I follow the following link to set up the hyperparameters for SAC to solve “CartPole-v0”, which is a very easy task. However, the mean rewards always remain about 10. Do I miss something?
https://github.com/ray-project/ray/blob/master/rllib/tuned_examples/sac/cartpole-sac.yaml
import ray
#import ray.rllib.agents.ppo as ppo
import ray.rllib.agents.sac as sac
ray.init()
config = sac.DEFAULT_CONFIG.copy()
config[“num_gpus”] = 0
#config[“framework”] = “torch”#
config[“framework”] = “tf”
config[“no_done_at_end”] = “false”
config[“gamma”] = 0.95
config[“target_network_update_freq”] = 32
config[“tau”] = 1.0
config[“train_batch_size”] = 32
config[‘optimization’][‘actor_learning_rate’] = 0.005
config[‘optimization’][‘critic_learning_rate’] = 0.005
config[‘optimization’][‘entropy_learning_rate’] = 0.0001
#trainer = sac.SACTrainer(config=config, env=“MountainCar-v0”)
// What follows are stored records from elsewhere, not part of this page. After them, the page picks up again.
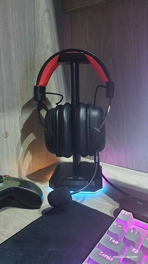"produto perfeito pelo preço, além de ser um suporte para fone rgb lindo, ele também é um hub usb com 4 entradas usb 2.0"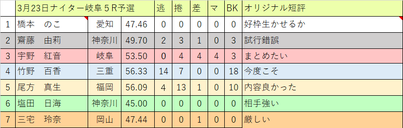 3/23(note無料公開デー) ガールズケイリン予想 「本イチレース」ナイター岐阜5R予選(17:36発走)noteにて公開中です。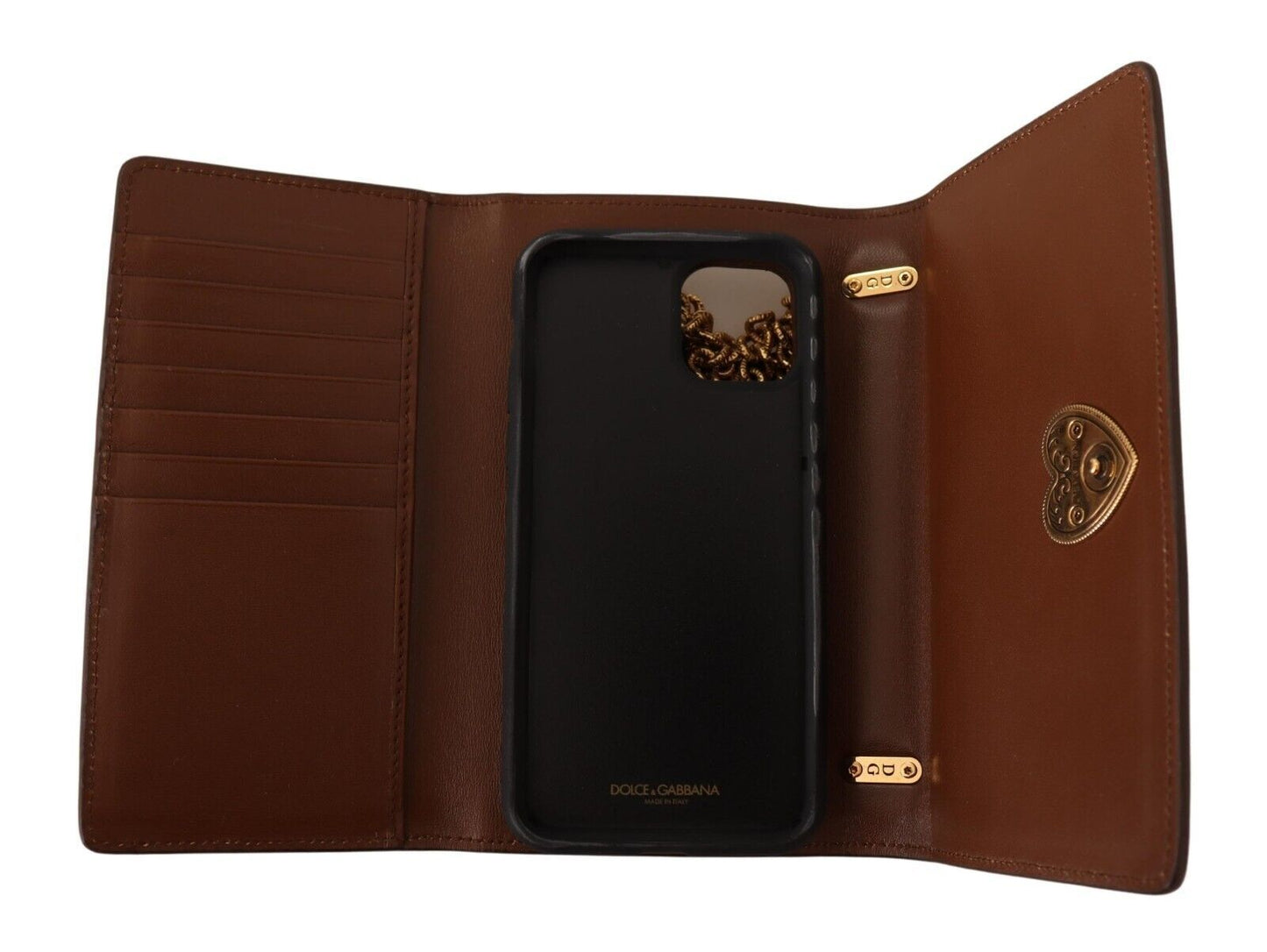 Indulge in the blend of luxury and functionality with this exquisite Dolce & Gabbana iPhone11 Pro clutch purse. This piece isn’t just a cover case; it doubles as a chic shoulder purse bag, perfect for safeguarding your device in style. Its devotion model is beautifully crafted from high-quality leather, boasting a rich brown hue paired with lustrous gold metal detailing. Keep your essentials organized with convenient inside card slots and secure everything with the magnet flap closure. The brown leather inner lining adds an extra touch of elegance, while the detachable chain strap offers versatile carrying options. Proudly made in Italy, this accessory delivers both fashion and practicality to your everyday ensemble.

trainer = sac.SACTrainer(config=config, env=“CartPole-v0”)
for i in range(5000):
Perform one iteration of training the policy with PPO
result = trainer.train()
if i % 10 == 0:
#checkpoint = trainer.save()
print("i: “, i,” reward: ",result[‘episode_reward_mean’])
1 Like
Hi I took a look at your script, a few things:
-
you are passing string “false” to the parameter no_done_at_end. python interprets that as a True value. So the env is outputting episodes without done bit at the end and completely confuses the trainer.
-
you actually don’t need to init the config dict with DEFAULT_CONFIG yourself. RLlib will do it for you. E.g., the following script works:
import ray
import ray.rllib.agents.sac as sac
ray.init(local_mode=True)
config = {
'framework': 'tf',
'gamma': 0.95,
'no_done_at_end': False,
'target_network_update_freq': 32,
'tau': 1.0,
'train_batch_size': 32,
'optimization': {
'actor_learning_rate': 0.005,
'critic_learning_rate': 0.005,
'entropy_learning_rate': 0.0001
}
}
trainer = sac.SACTrainer(config=config, env="CartPole-v0")
for i in range(5000):
result = trainer.train()
if i % 10 == 0:
print("i: ", i, result["timesteps_total"], " reward: ", result["episode_reward_mean"])
- you can actually run the yaml file directly using:
rllib train -f rllib/tuned_examples/sac/cartpole-sac.yaml
saving you the error when copying over the configuration.
1 Like
It works. Thanks a lot!
However, I failed to apply the same hyperparameters to “MountainCar-v0”. Are there other important hyperparameters in SAC besides learning rate?
SAC doesn’t work particularly well when applied to discrete action spaces. I’d suggest using another algorithm such as PPO, which can be used with a categorical policy (has discrete outputs) for learning the MountainCar-v0
problem, or instead using an environment such as MountainCarContinous-v0
1 Like
Thanks for your suggestion.